When events occur such as Thursday’s blasts in London, market participants have to set aside consideration of the human dimension and perform an unsentimental calculation. How does this event change the relative risk-return scenario? What is the proper historical equivalent: September 11? Bali? Madrid? Or something else?
Whether they were a few blocks away in the City or just waking up on Wall Street, investors scrambled to answer these questions and trade accordingly. Historical market reactions to terrorism and military acts suggests that markets stumble and remain weak after major events, according to a study by Andrew Chen at Southern Methodist University and Thomas Siems at the Dallas Federal Reserve.
The researchers found that US stocks fell between 6 per cent and 20 per cent in the 11 days of trading after the September 11 attacks, the Iraqi invasion of Kuwait, North Korea’s invasion of South Korea, the bombing of Pearl Harbor, Germany’s invasion of France in the second world war and the sinking of the Lusitania. Events such as the Kent State shootings, the first World Trade Center attack and the US embassy bombing in Kenya caused smaller declines.

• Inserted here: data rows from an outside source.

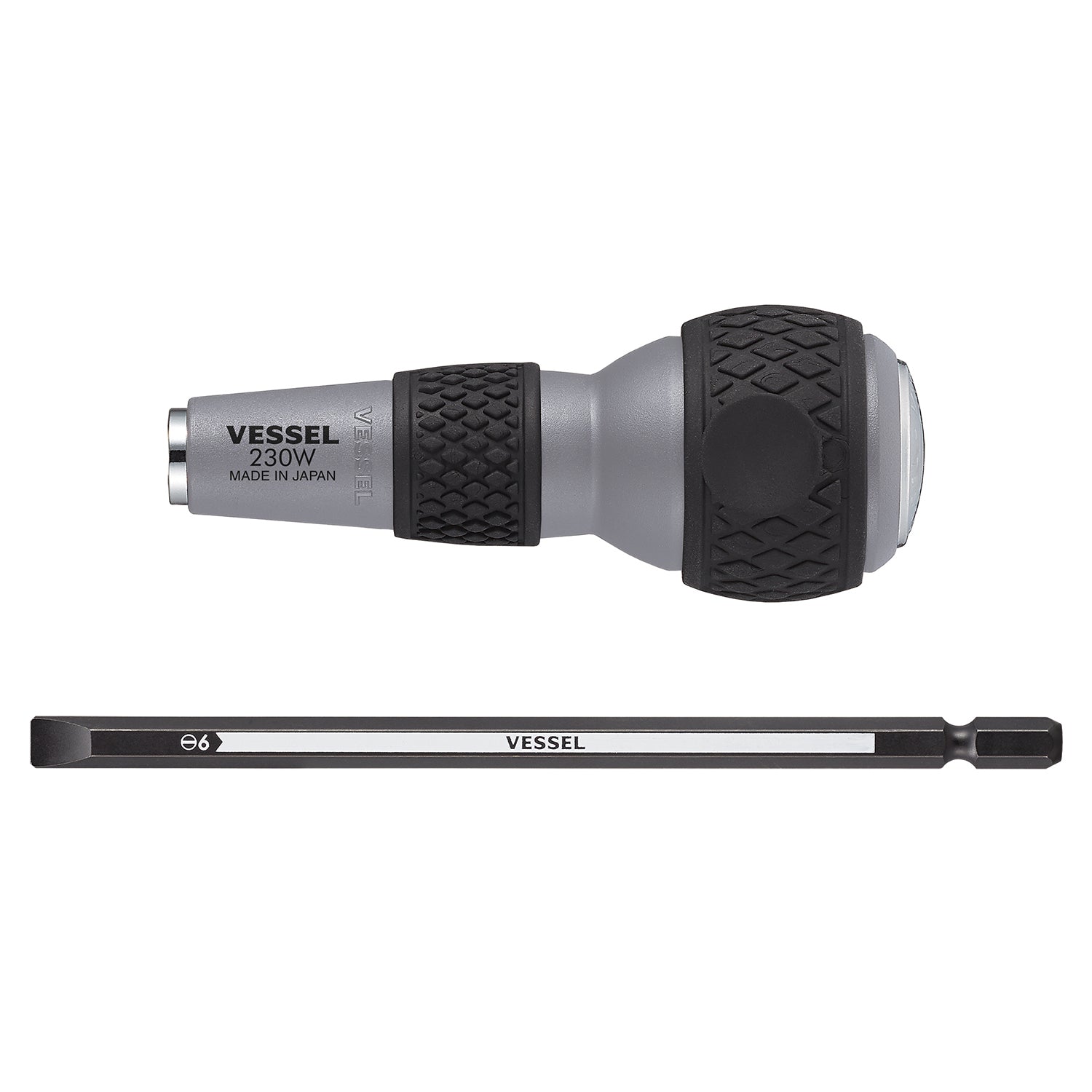 Vessel 230W6 Ball Grip 1/4" Hex. Bit Interchangeable Tang-Thru Screwdriver Set No.230W-6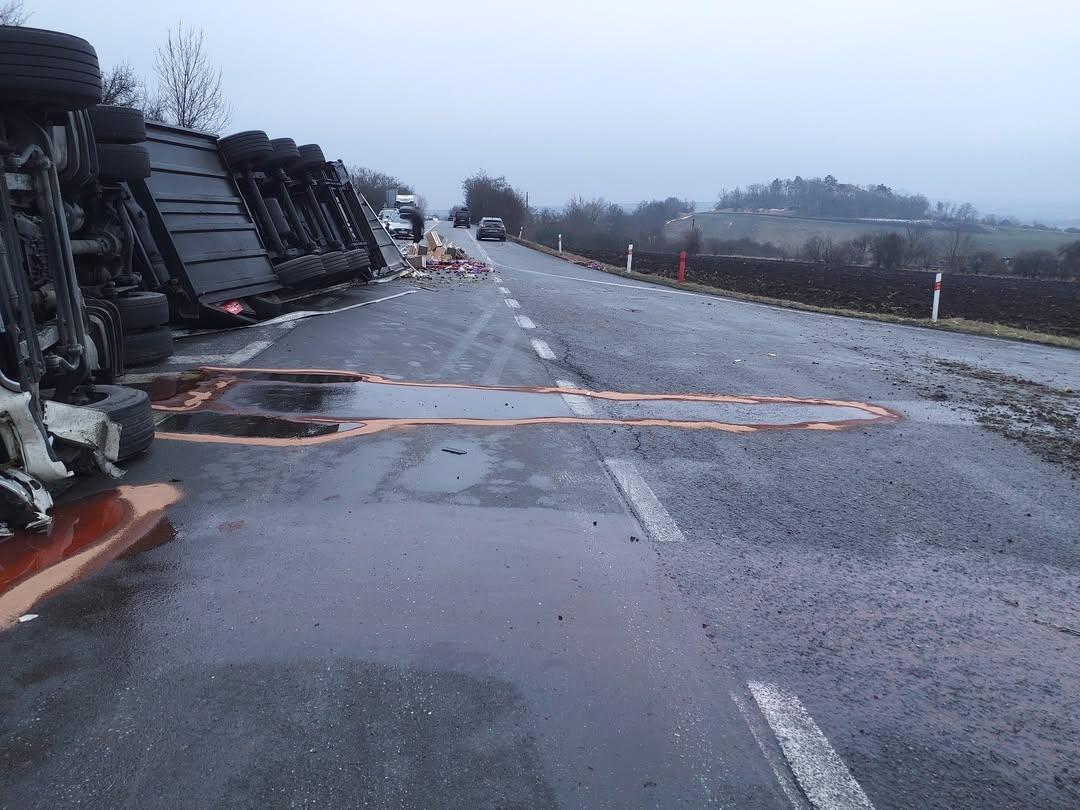 Na silnici I/52 před Mikulovem ve směru od hranic zasahujeme u nehody kamionu převážejícího jablka. Zůstal ležet na boku. Řidiče jsme nemuseli vyprošťovat. Na místě dochází k většímu úniku nafty z nádrží. Chystáme se k přečerpávání. Zasahují zde profesionální jednotky ze 3 stanic. Silnice je částečně průjezdná.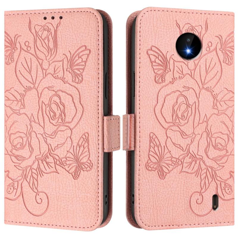For Nokia C10 / C20 Embossed Rose RFID Anti-theft Leather Phone Case(Pink)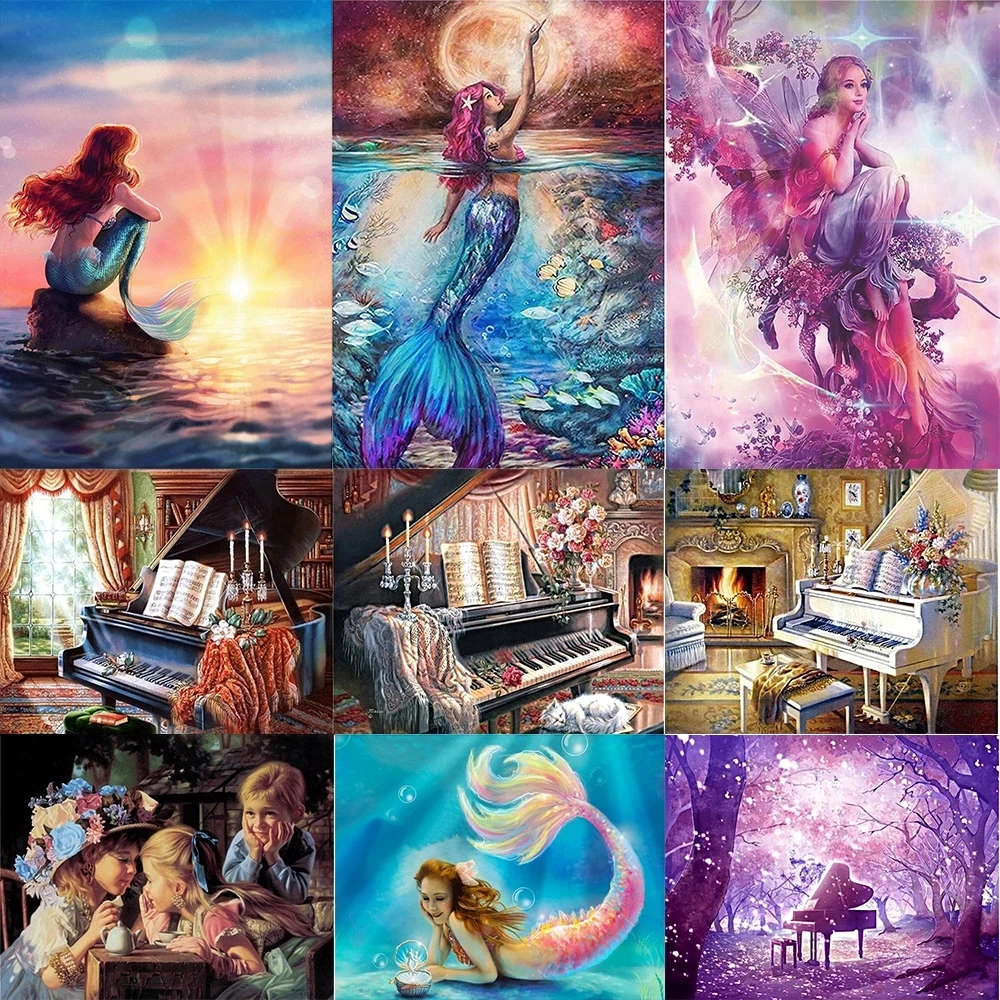 5D Diy Алмазная картина крестиком набор живое искусство фортепиано фантазия Русалка Алмазная Картина Настенная для домашнего интерьера украшение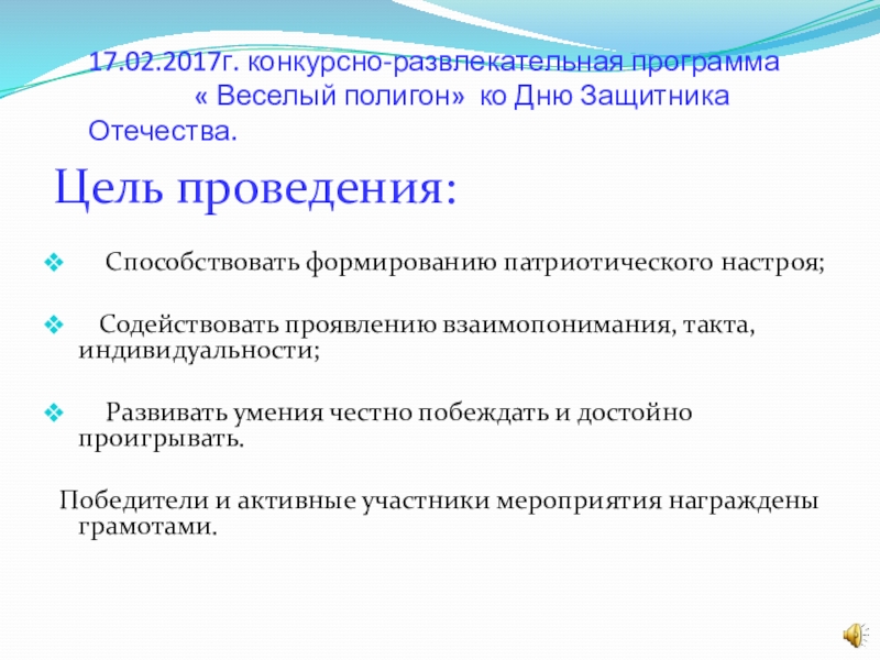 Содействовать проявлению взаимопонимания, такта, индивидуальности;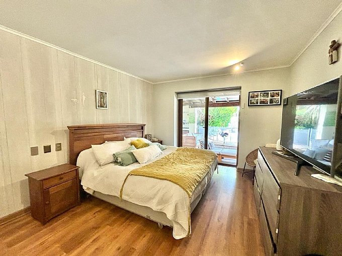 Amplio dormitorio principal en suite con su baño. Cuenta con espacio para escritorio y salida directa al jardín.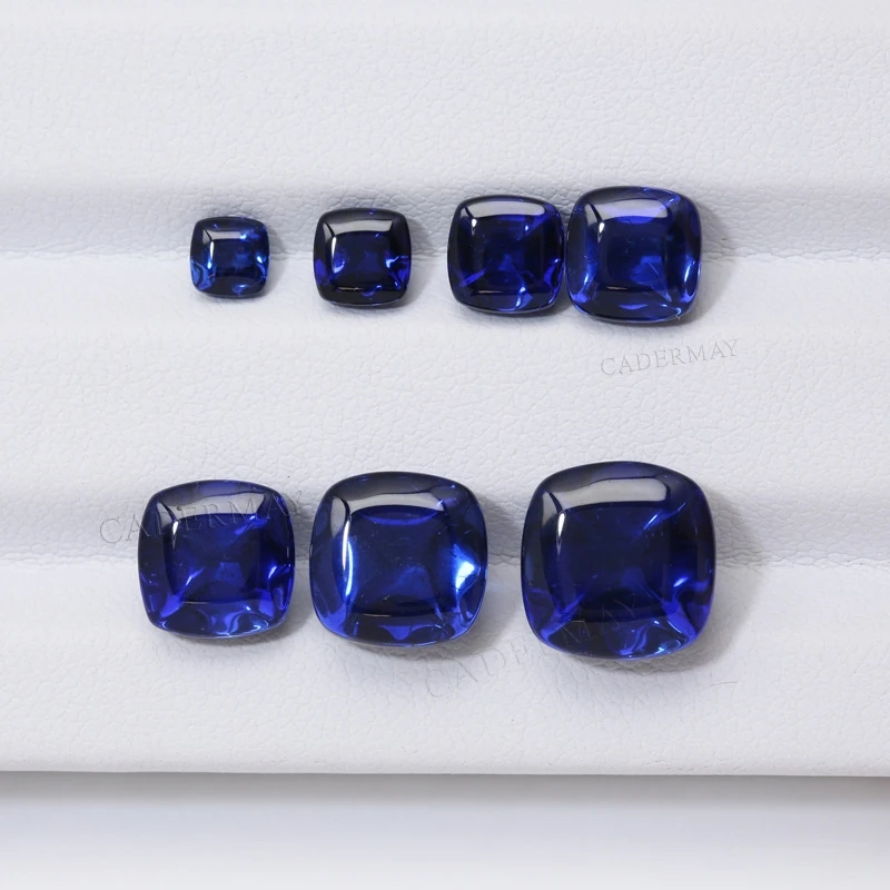 Piedra preciosa artificial sintética de color natural, tallada en forma de torre de azúcar y cinta azul, para joyería, con accesorios de collar y anillo de piedra suelta

Of course, these historical comparisons are probably not apt in this instance. First, since September 11, market participants have been obsessed with the notion of “pricing in” the risk of terrorism. While Londoners were caught unaware in this specific event, in general the markets have been prepared for such an event.
Carl Astorri, head of investment strategy at Barclays Wealth Management in London, said the most appropriate comparison was the Madrid bombing in March 2004. In that case, stocks in Madrid fell 8 per cent in three days, remained sluggish for a few days then took 14 trading sessions to recover to pre-bombing levels. “The initial impact is quite swift,” Mr Astorri said, adding that such events “can in due course provide a buying opportunity.” Mr Astorri also found an interesting response from the global markets: the further away the market, the less severe the market response. Japan even managed to rally in the session immediately after the Madrid bombing.
This time investors may be even quicker to shrug off the impact of the explosions. As the scale of the tragedy became clearer, many investors concluded it would have little effect on the markets overall. Indeed, even the broad sell-off that sent most indices off more than 3 per cent seemed to present a buying opportunity. Later in the session, European bourses recovered a good deal of their losses.
“On balance, I’m pretty encouraged by the market reaction today,” said Tim Price, senior investment strategist at Ansbacher & Co in London. “Terrorism is terrible, but it’s not going to keep people from eating and drinking. Not to be unduly blasé, but London has seen this before. This is life these days.”
Meanwhile, some New York investors sensed the market’s initial negative response was an overreaction, and positioned themselves accordingly. “I won’t be an outright buyer into the panic today, but I will be actively covering short positions to get more long exposure in this market.”
It could be that the market recovers all the ground it lost yesterday in the coming days, but that is a premature response. Initially, one trader expressed the hope that this would spell an end to the Federal Reserve’s interest rate increases, but that seems unlikely. In any case, if yesterday’s London blasts are followed by further events, the impact on markets will be much greater.